--- START ---

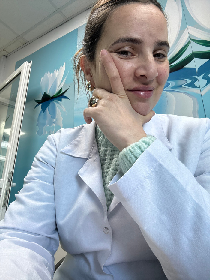 A female subject is depicted from the chest up in an indoor environment in Meknes, Morocco. She is wearing a light-colored lab coat over a mint green knitted sweater. Her left hand is positioned under…read more
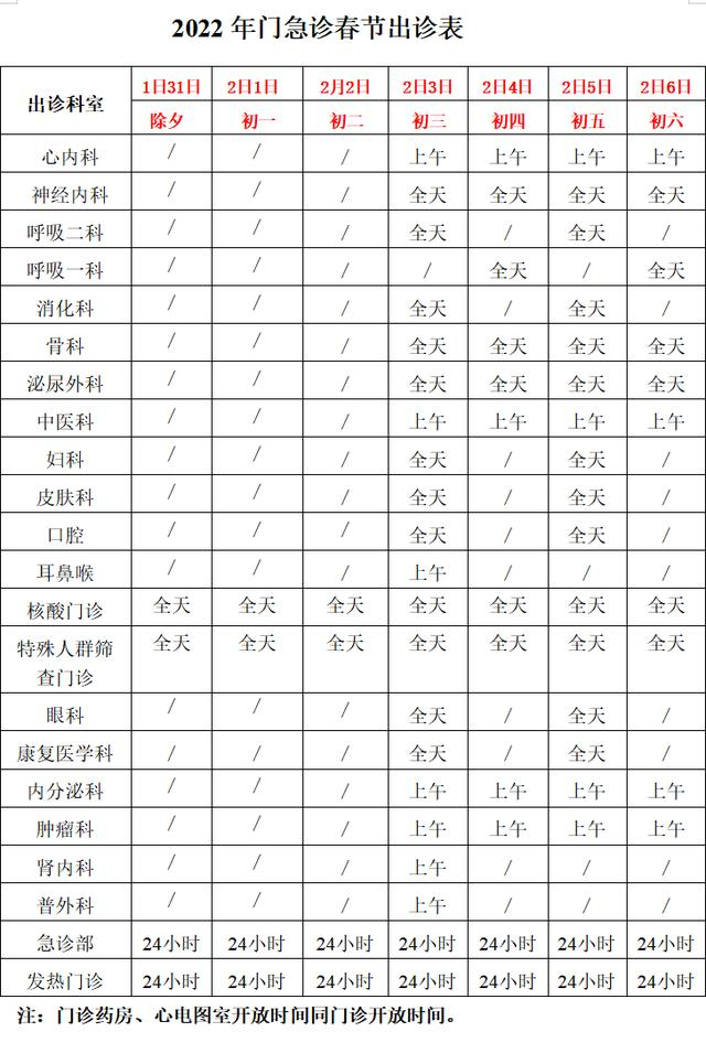 6。 血液专业:2022年1月31日、2月1日(三十、初一)上午半日门诊,2月2日(初二)全天门诊,2月3日(初三)上午半日门诊, 2月4日(初四)全天门诊,2月5日、2月6日(初五、初六)停诊。
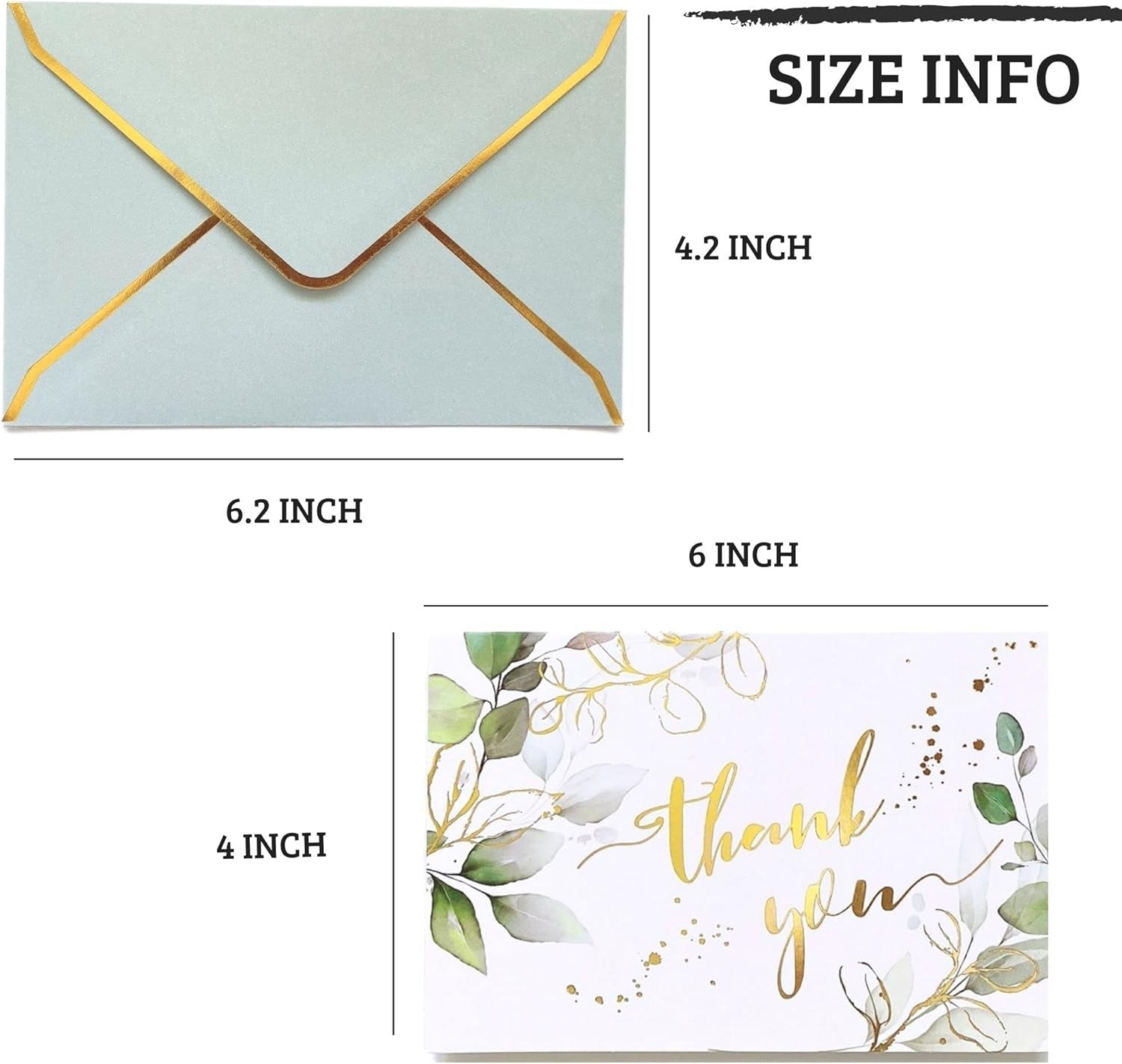 Luxurious Gold Thank You Cards with Envelopes Bulk Sage Green(50PCS)
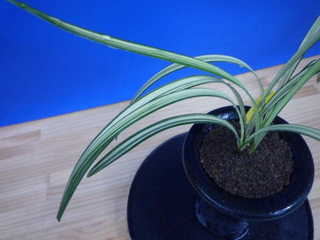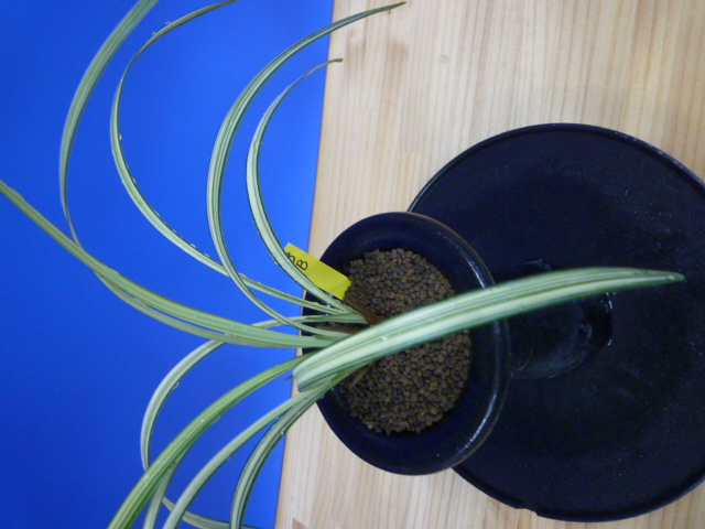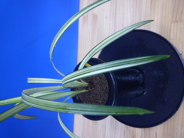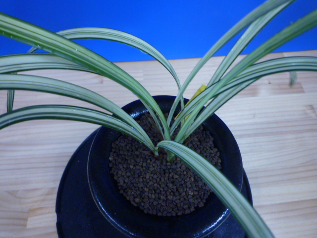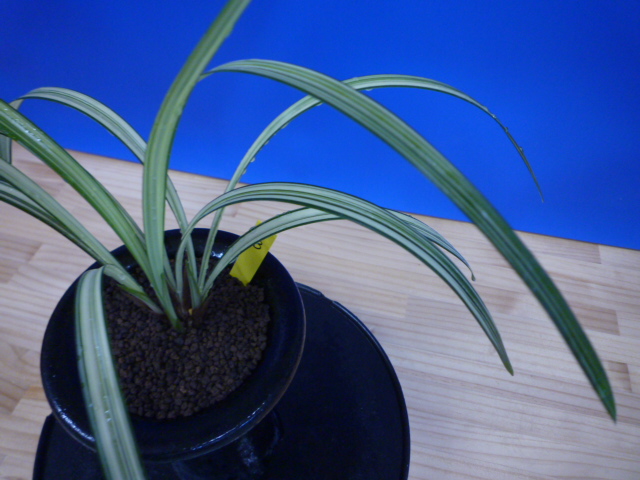 南極は、宮崎県産の垂れ葉が特徴的な縞で、花も縞花という大変魅力的な一品です。展示会でも評価が高く、良く大臣賞・金賞を獲得してきましたし、これからもこの人気は変わらないでしょう。柄物の中では比較的作り易い品種ですので、作が楽しめますのでお勧めです。
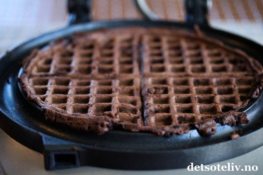 ♥ Ikke stek vaflene for lenge, for da blir de tørre. De skal være akkurat gjennomstekte, men kan gjerne være littegrann bløte i midten.
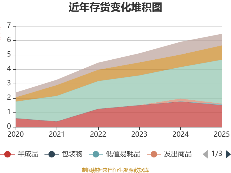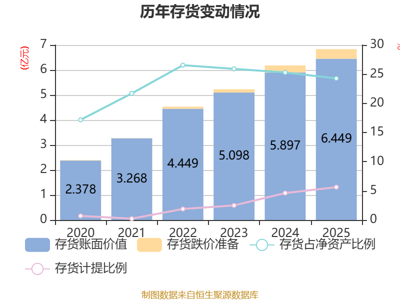 从存货变动来看,截至2025年末,公司存货账面价值为6.45亿元,占净资产的24.27%,较上年末增加5515.95万元。其中,存货跌价准备为3849.1万元,计提比例为5.63%。
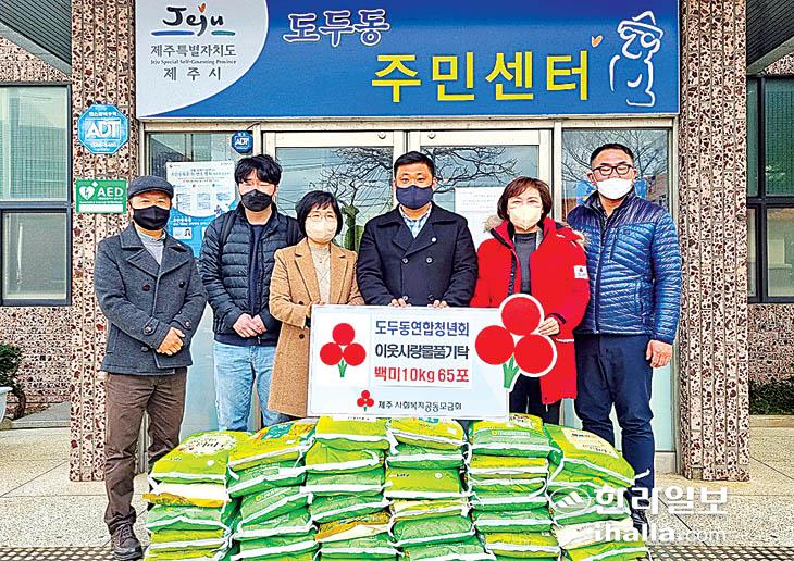 제주시 도두동연합청년회(회장 이상수)는 2일 도두동주민센터(동장 문정희)에서 사랑의 쌀 650㎏을 제주사회복지공동모금회(회장 강지언)에 기탁했다.
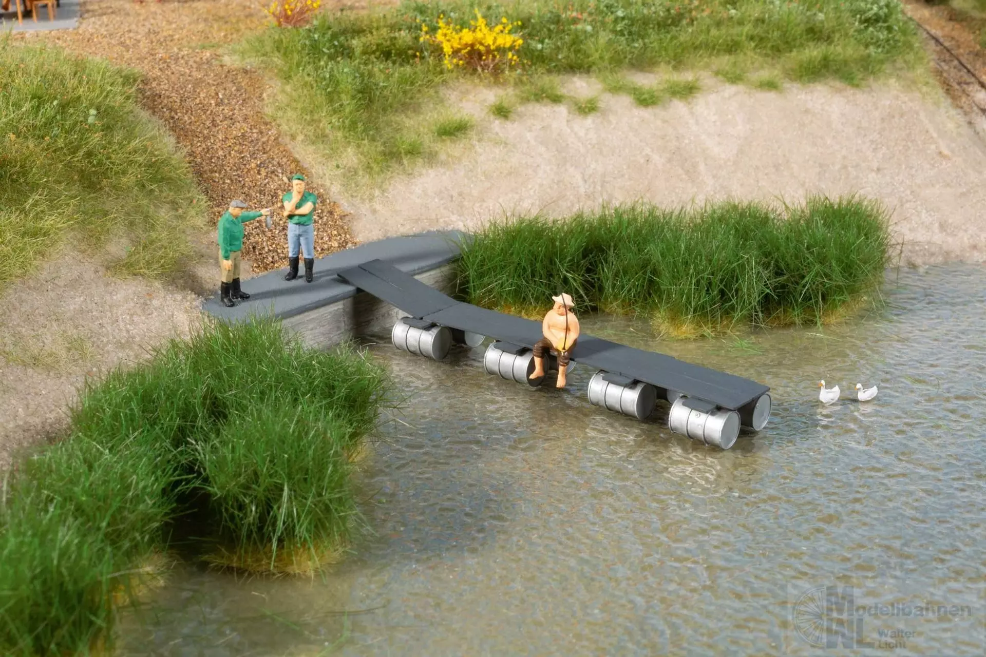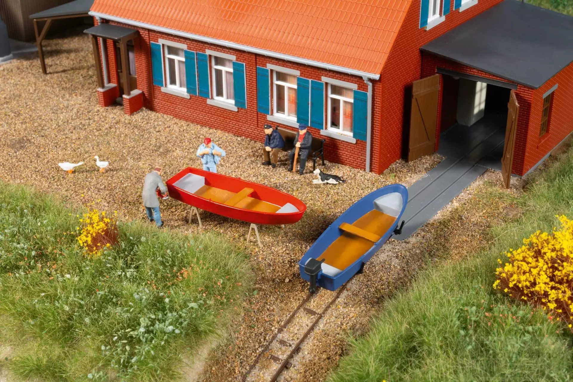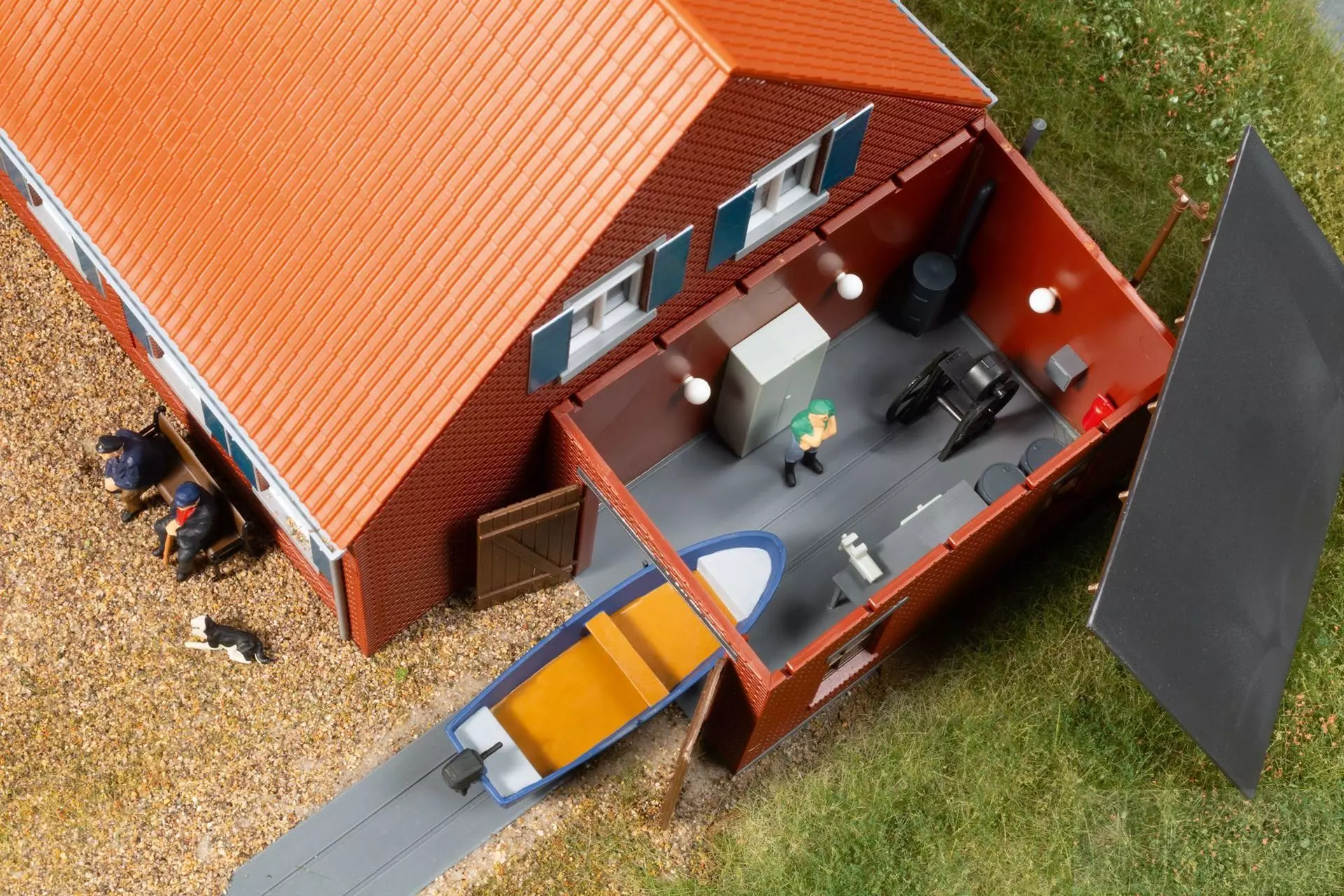 Kleines gemauertes Bootshaus mit Inneneinrichtung: Ein Ofen, Schränke, Böcke, eine Werkbank sowie eine Windenanlage (ohne Funktion), mit deren Hilfe Boote mittels Aufzugswagen auf Gleisen zu Wasser gelassen werden können. Zur weiteren Ausgestaltung der Wasserfläche sind Teile für die Nachbildung eines schwimmenden Bootssteges enthalten. Dieser Steg sowie die beiden farblich unterschiedlichen Boote (eins mit Außenbordmotor) sind Wasserlinienmodelle.

--- END ---

• [Exercise]:
Take every record and copy it word for word, dropping the pictures.

• [Response for this exercise]:
 A female subject is depicted from the chest up in an indoor environment in Meknes, Morocco. She is wearing a light-colored lab coat over a mint green knitted sweater. Her left hand is positioned under…read more
 6。 血液专业:2022年1月31日、2月1日(三十、初一)上午半日门诊,2月2日(初二)全天门诊,2月3日(初三)上午半日门诊, 2月4日(初四)全天门诊,2月5日、2月6日(初五、初六)停诊。
 Luxurious Gold Thank You Cards with Envelopes Bulk Sage Green(50PCS)
 南極は、宮崎県産の垂れ葉が特徴的な縞で、花も縞花という大変魅力的な一品です。展示会でも評価が高く、良く大臣賞・金賞を獲得してきましたし、これからもこの人気は変わらないでしょう。柄物の中では比較的作り易い品種ですので、作が楽しめますのでお勧めです。
 ♥ Ikke stek vaflene for lenge, for da blir de tørre. De skal være akkurat gjennomstekte, men kan gjerne være littegrann bløte i midten.
 从存货变动来看,截至2025年末,公司存货账面价值为6.45亿元,占净资产的24.27%,较上年末增加5515.95万元。其中,存货跌价准备为3849.1万元,计提比例为5.63%。
 제주시 도두동연합청년회(회장 이상수)는 2일 도두동주민센터(동장 문정희)에서 사랑의 쌀 650㎏을 제주사회복지공동모금회(회장 강지언)에 기탁했다.
 Kleines gemauertes Bootshaus mit Inneneinrichtung: Ein Ofen, Schränke, Böcke, eine Werkbank sowie eine Windenanlage (ohne Funktion), mit deren Hilfe Boote mittels Aufzugswagen auf Gleisen zu Wasser gelassen werden können. Zur weiteren Ausgestaltung der Wasserfläche sind Teile für die Nachbildung eines schwimmenden Bootssteges enthalten. Dieser Steg sowie die beiden farblich unterschiedlichen Boote (eins mit Außenbordmotor) sind Wasserlinienmodelle.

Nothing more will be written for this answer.